He was a very pleasant and helpful guy and I'm so pleased to have met him. To think he died in a fire—in one of the most horrible ways imaginable—is hard to contemplate. It is especially hard and upsetting when the person who has died is not just another statistic but someone one can actually put a face to.

Re Jim Fox again, I recall another conversation not with Rubinstein but with a local WordStar agent around the time of the release of WordStar 2000 but mainly about the development of version 7 and earlier (as that's where my interests were). He told me much about it and I'm now racking my brain to remember what he said. The only thing that comes to mind was that it was mainly the work of one person (this seemed a bit strange to me as I thought that MicroPro would have had many more programmers). I also seem to recall an article about the development of WordStar written by either Jerry Pournelle of Byte fame (who had a CompuPro system) or perhaps it was in InfoWorld. It's a damn nuisance I can't remember.

dredmorbius3 years ago

To your list of misfits contributing greatly whilst treated poorly, I'd add Ian Murdoch.

hilbert423 years ago

Yeah, Murdoch's death was a real tragedy, he died far too young.

When one takes a moment to look one finds that there are far too many brilliant minds that fall into this misfit category. Often they are their own worst enemy and the world doesn't respond kindly to the fact.

Another worth noting is Oliver Heaviside.

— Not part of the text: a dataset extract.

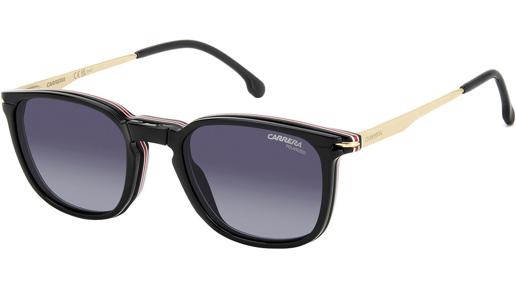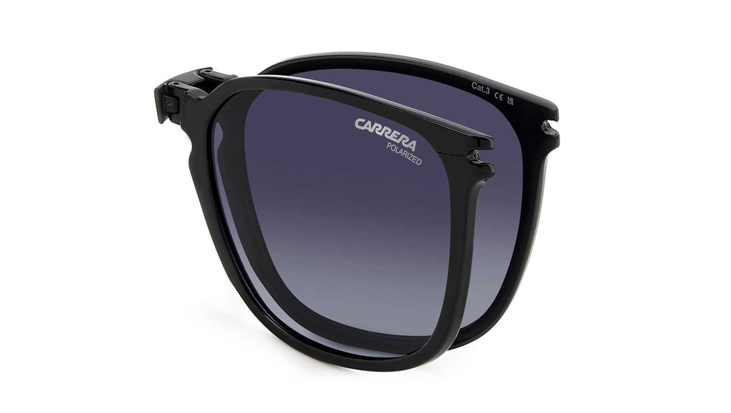 Occhiali da sole Carrera modello CA 332/CS colore 807 WJ black. Esteticamente impeccabili questi occhiali da vista con lenti da sole clip-on firmati Carrera. Forma squadrata per il frontale in acetato leggero, decorato dall’inserto metallico a forma di “C”. Quest’ultimo rimane visibile anche quando si indossano le lenti clip-on polarizzate: stile e praticità vanno a braccetto. Il dettaglio in più? Le lenti clip-on sono pieghevoli, perfette da portare sempre con sé. Molteplici le varianti colore, tutte impeccabili.
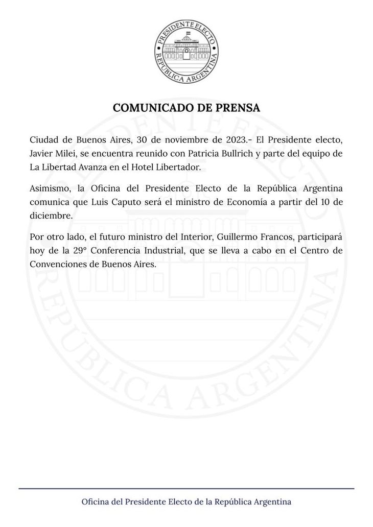El presidente electo, Javier Milei, comunicó de manera oficial su decisión de nombrar como ministro de Economía al exfuncionario macrista, Luis "Toto" Caputo.

He's almost forgotten these days and much of the fact was of his own making (his name really should be more prominent). Yet he reformulated Maxwell's equations into the four that we know and use today; he gave us coaxial cable, figured out impedance matching on telephony lines, essentially invented vector calculus (along with Josiah Willard Gibbs who did so independently on the US side of the Atlantic), and much, much more. Essentially, Heaviside put the finishing touches on mathematics and classical electromagnetic theory just in time and ready for the quantum mob to take over.

That said, he had little idea how to handle the scientific establishment and he was always the outsider. It's worth taking a moment to read his Wiki bio:

https://en.m.wikipedia.org/wiki/Oliver_Heaviside

Another tragic case is this damn, damn stupid boy (he was hardly more than one and clearly acted like one):

https://en.m.wikipedia.org/wiki/%C3%89variste_Galois

Galois was dead at the age of just 20 through his own utter stupidity. To have such a great mind to leave the planet at this age is almost incalculable - in fact, he died 15 years younger than did Mozart (and we continually lament his death at such a young age).

+1
dredmorbius3 years ago
lovelyviking3 years ago

last tweet messages:

https://archive.is/vBS6N

Shared4043 years ago

That is incredibly disturbing to read.

I'm glad I did though.

fireeyed3 years ago

No need to say sorry, I would have never known. A guy who wrote an important piece of history died on the streets ? What a shame !

hilbert423 years ago

I've used many wordprocessors but WordStar still is my favorite, I first used it under CP/M and later on the IBM PC. Anyone who has used it knows that once you got the feel for the WordStar keystroke diamond it was magic to use. I still have hundreds of files in WordStar format and I can either import them into a GUI WYSIWYG WP or I can still use them in WordStar 7 running under an emulated environment in Windows.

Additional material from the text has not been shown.